アメリカの生命保険や健康保険の会社が日本で稼げないのは,日本の国内法律に問題がある,と言い出すかもしれない.生命保険や損害保険会社は,資本が大きく,世界的に営業している会社でなくてはならない,とか言い出すかもしれない.日本の生保は,つぶされる.

国民の健康を守る健康保険制度は,アメリカの営利目的の健康保険会社が参入する障壁になっているから,解体すべきだ,と必ず言い出すと思われる.日本国民は,健康保険を失い,アメリカの高い保険を買わなければ,病気にもなれない.日本国民の多くが知らないが,日本の国民が享受している医療システムは,世界中がうらやましがるものである.それを壊して,アメリカの保険会社が儲けられるようにすることが,アメリカの大きな目標のひとつであろう.
日本の政府が決めている薬価は根拠がないから,世界的に通用するアメリカ基準にすべきだと,これまた必ず要求すると思われる.海外の巨大製薬会社が特許を持っている薬は高くなる.おまけに国民健康保険は無くなるから,日本人の平均寿命は短くなる.

公共事業の発注は,全て,英語の見積書を準備すべきであり,日本語と英語の内容に齟齬があった場合は,英語の方を正式なものと見なす,などと言われれば,中小の土建屋や建設会社はつぶれるだろう.
役所も見積書を確認するのに英語が必要になり,そのための人員を英語圏から雇うことになる.日本人の役人は,数を減らされ,給与が下がり,アメリカ人が役所に入り込む.それでも,公共工事が政府の予定通り行かない場合がある.そんな裁判を行う場合も,相手が外国の会社の場合には,英語で文書を準備する事を要求され,泣き寝入りとなりそうである.

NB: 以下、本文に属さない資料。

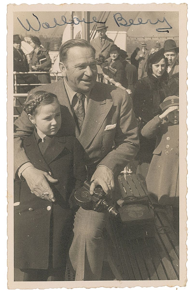 Vintage candid matte-finish 3.25 x 5.25 postcard photo of Beery on what appears to be a boat, signed at the top in fountain pen. In fine condition.

特許や商標は,日米にコンフリクトがある場合は,アメリカのものを優先するということにもなりそうである.日本人は,特許を出願するにも,まず,アメリカに出願する必要が出てくる.アメリカで特許登録が却下されれば,公知の事実として,日本国内特許はとれない事になるとか...

国内の水道や衛生の基準もアメリカ基準にしなくてはならない.食品の安全基準も国内の厳しい基準は,国際条約に反するので,効力を失う.BSEも関係ない.アメリカ人が食している牛肉は安全なのだから,輸入禁止は,条約違反である.遺伝子組み替え食品も拒んではならない.

アメリカの弁護士が日本で活躍できないのは,日本の裁判が日本語で行われるからである.重要な訴訟書類は国際公用語である英語を使用すべきである.もちろん,アメリカの弁護士資格を,日本の国家資格と同等に扱わなければならない.
ついでに言うと,医師や看護師も米国の資格は,日本国内で通用すべきである.
日本の国家資格を持つものが,アメリカで働くためには,アメリカ(州の資格)を取る必要がある,とか,十分な英語能力が必要であるとか,条件をつけることは,忘れないだろう.

出版の世界では,アマゾンが既に要求している.一方的でジャイアン的な要求だ.これと同じ事があらゆる分野で生じるのである.

ついでに,売国テレビ局や新聞について申し述べておくとテレビ局などの外国人持ち株制限は,参入障壁と見なされるから,廃止に追い込まれ,世界的なメディア王が買収するだろう.半島系のよいしょ番組は無くなるだろう.このことに漸くテレビ局も気づいたと見えて,フジテレビがTPP反対の京大大学院准教授の中野剛志氏をテレビに出演させたりしている.

さて,アメリカの目論むTPPはどうなることか.ここで,アメリカに押し切られれば,アメリカの覇権はもうしばらく続きそうである.しかし,日本が参加せず,諸外国がアメリカのやり方にそっぽを向けば,田中宇氏がよく言う,”アメリカのやり過ぎて返って失敗”ということになり,アメリカの没落は早まるだろう.